With a few records, we care about ease of use. As our data grows, we care about scaling. Project Voldemort is distributed key/value storage system which is easy to use and which scales well too. Voldemort supports building read-only stores on Hadoop and loading them directly from the hadoop cluster to the voldemort cluster.
Initially, we will write individual records to a Voldemort BDB store. As our data grows, we can build and push entire read-only stores from hadoop to an operational cluster with a few commands.
Download and unpack voldemort:
cd
wget --no-check-certificate https://github.com/downloads/voldemort/voldemort/voldemort-0.90.1.tar.gz
tar -xvzf voldemort-0.90.1.tar.gz
cd voldemort-0.90.1
Follow the instructions here to start voldemort:
bin/voldemort-server.sh config/single_node_cluster > /tmp/voldemort.log &Install the voldemort-rb gem. Works with JRuby too:
gem install nokogiri
gem install ruby_protobuf
gem install voldemort-rb
Now in ruby we connect to our voldemort cluster, loop through our avro records and insert a new entry for each:
require 'rubygems'
require 'avro'
require 'voldemort-rb'
require 'json'
client = VoldemortClient.new("test", "localhost:6666")
file = File.open('/tmp/per_user.avro/part-r-00000.avro', 'r+')
dr = Avro::DataFile::Reader.new(file, Avro::IO::DatumReader.new)
dr.each do |record|
client.put record["user_key"], JSON(record["messages"])
end
Finally… we want to see our data in the browser. A one-page Sinatra web app gets us there. Install Sinatra:
gem install sinatra
require 'rubygems'
require 'sinatra'
require 'avro'
require 'voldemort-rb'
require 'json'
# connect to voldemort
client = VoldemortClient.new("test", "localhost:6666")

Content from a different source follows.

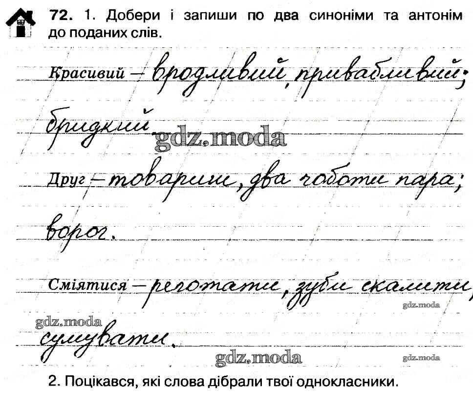 ГДЗ решение к заданию № 72 Украинский язык 3 класс рабочая тетрадь Вашуленко Освiта 2014 бесплатно на гдз.мода!

get '/messages_per_user_id/:user_id' do |user_id|
client.get "messages_per_user_id:#{user_id}"
end
We can see our plumbed data at http://localhost:4567/messages_per_user_id/1 or http://localhost:4567/messages_per_user_id/2
The data at http://localhost:4567/messages_per_user_id/1 looks like this:
[{"message_id":12},{"message_id":11}]Note that we haven’t touched Hadoop yet. :) It is simply not neccessary to do so, in order to get started using the tools. We’ve made platform choices that will let us aggregate and mine data at scale, and we’ve gotten them up and running in a few minutes on our local machines.
In future posts, we’ll extend this to work at scale on Amazon Web Services and Heroku.